The future of driving
Seeing the back of the car
In the rich world, people seem to be driving less than they used to
Sep 22nd 2012 | from the print edition

“I’LL love and protect this car until death do us part,” says Toad, a 17-year-old loser whose life is briefly transformed by a super fine” 1958 Chevy Impala in “American Graffiti”. The film follows him, his friends and their vehicles through a late summer night in early 1960s California: cruising the main drag, racing on the back streets and necking in back seats of machines which embody not just speed, prosperity and freedom but also adulthood, status and sex.

The movie was set in an age when owning wheels was a norm deeply desired and newly achievable. Since then car ownership has grown apace. There are now more than 1 billion cars in the world, and the number is likely to roughly double by 2020. They are cheaper, faster, safer and more comfortable than ever before.

Cars are integral to modern life. They account for 70% of all journeys not made on foot in the OECD, which includes most developed countries. In the European Union more than 12m people work in manufacturing and services related to cars and other vehicles, around 6% of the total employed population; the equivalent figure for America is 4.5% of private-sector employment, or 8m jobs. They dominate household economies too: aside from rent or mortgage payments, transport costs are the single biggest weekly outlay, and most of those costs normally come from cars.

Nearly 60m new cars were added to the world’s stock in 2011. People in Asia, Latin America and Africa are buying cars pretty much as fast as they can afford to, and as more can afford to, more will buy.
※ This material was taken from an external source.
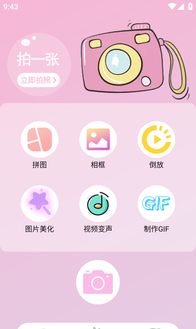 2、界面设计简洁丰富,色彩淡雅,拥有丰富的特效,可以为自己拍摄各种有趣的照片风格。用户使用时感觉非常流畅。

Til her daddy takes her T-Bird away

But in the rich world the car’s previously inexorable rise is stalling. A growing body of academics cite the possibility that both car ownership and vehicle-kilometres driven may be reaching saturation in developed countries—or even be on the wane, a notion known as “peak car”.

Recession and high fuel prices have markedly cut distances driven in many countries since 2008, including America, Britain, France and Sweden. But more profound and longer-run changes underlie recent trends. Most forecasts still predict that when the recovery comes, people will drive as much and in the same way as they ever have. But that may not be true.

As a general trend, car ownership and kilometres travelled have been increasing throughout the rich world since the 1950s. Short-term factors like the 1970s oil-price shock caused temporary dips, but vehicle use soon recovered.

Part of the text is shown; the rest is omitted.